The pooled and individual data from each compound were also mapped to metabolic pathways using GenMapp (11, 12) to compare pathways identified by each analytic approach. The mitochondrial long-chain fatty acid β-oxidation pathway is illustrated in Fig. 5 for VPA (figures for all three compounds can be found in the Supplemental Materials). As might be expected, all three compounds modulated multiple transcripts that code for components of the β-oxidation pathway (Table 2). The individual analysis identified more components of the pathway than did the pooled analysis, yet both approaches identified this pathway as having more of its genes modulated than would be expected by random chance. Table 2 shows the results when this pathway analysis was generalized to all GenMapp pathways using the MappFinder tool. Again, it was apparent that the pooled analysis generally resulted in fewer transcript changes per pathway relative to the individual method; however, both methods identified major pathways affected by these compounds. Notable pathways missed by the pooled method include proteasome degradation, ribosomal proteins, oxidative stress, cell cycle, and apoptosis and the glycine, serine, and threonine metabolism pathway in response to DEHP or VPA. One pathway, the arginine and proline metabolism pathway, was identified by the CLO pooled, not individual, analysis.

Fig. 5.

Effect of VPA on mitochondrial fatty acid β-oxidation.

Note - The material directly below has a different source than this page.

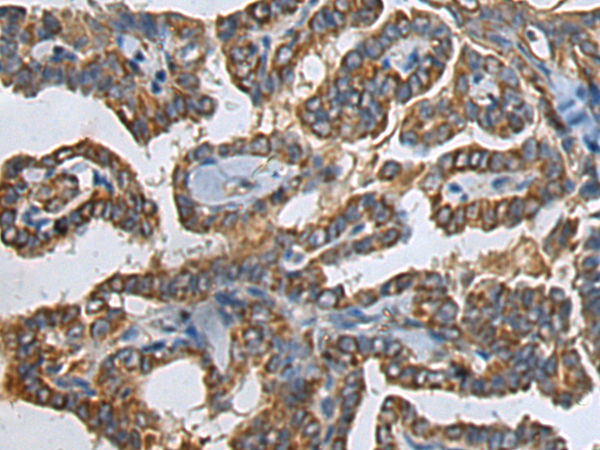 The image is immunohistochemistry of paraffin-embedded Human thyroid cancer tissue using P12004(SLC22A12 Antibody) at dilution 1/25. (Original magnification: ×200) |
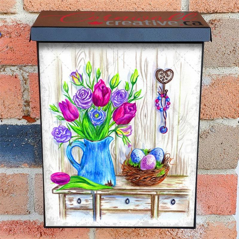 Develop your Mailbox and your neighborhood with this brilliant Bouquet on the Table #2 Colonial magnetic or self adhesive vinyl Mailbox Cover. Our magnetic covers feature a complete magnetic surface throughout the entire design, unlike lower-quality options that only incorporate two magnet strips combined with a piece of canvas. This ensures better functionality and a more reliable, stronger hold against the wind, also these covers have an additional UV protection, so your covers will not fade for many years. We offer self-adhesive and magnetic covers with both standard opaque vinyl or reflective vinyl options. The reflective mailbox covers function just like license plates and road signs, ensuring excellent visibility during nighttime. No matter the size of your mailbox, we make covers for all box sizes to suit your needs perfectly!

The mitochondrial fatty acid β-oxidation pathway was adapted from GenMapp and shaded to demonstrate what transcripts are changing at 48 h (in this case, all of the transcripts are induced by treatment), as detected by both pooling and individual methods (darker shading) or only by individual samples (lighter shading). Additional diagrams of the mitochondrial fatty acid β-oxidation pathway for DEHP and CLO can be found in the Supplemental Materials.

View this table:
Table 2.

Impact of approaches on compound-related effects assessed by pathway analysis


There is considerable anecdotal data and opinion on the value of using an individual vs. pooled microarray experimental design; however, there is a paucity of rigorous comparative analysis in the scientific literature. Lee et al. (28) emphasized the importance of statistics in array studies in the classification of transcripts among tumor samples. In support of pooling, Waring et al. (44) showed that pooled samples cluster with the individual samples from which they were derived (44). Recently, papers by Peng et al. (32) and Kendziorski and colleagues (23, 24) have found that subpooling is a statistically viable method for analysis of array results, particularly where the biological variation is expected to be much larger than the technical variation of the microarray. In subpooling, multiple animals from within a treatment group are pooled into multiple, evenly distributed subgroups, thus reducing the variability as well as the number of microarrays that are processed. Two of these papers are based primarily on an in silico analysis, and each suggests that to achieve the same level of precision, subpooling requires substantially more biological samples than are needed for individual samples. This is not cost effective for many in vivo experiments. Although these studies have examined the pros and cons of both designs to some degree, none has directly compared the expression changes observed using typical analytic methods commonly associated with each design.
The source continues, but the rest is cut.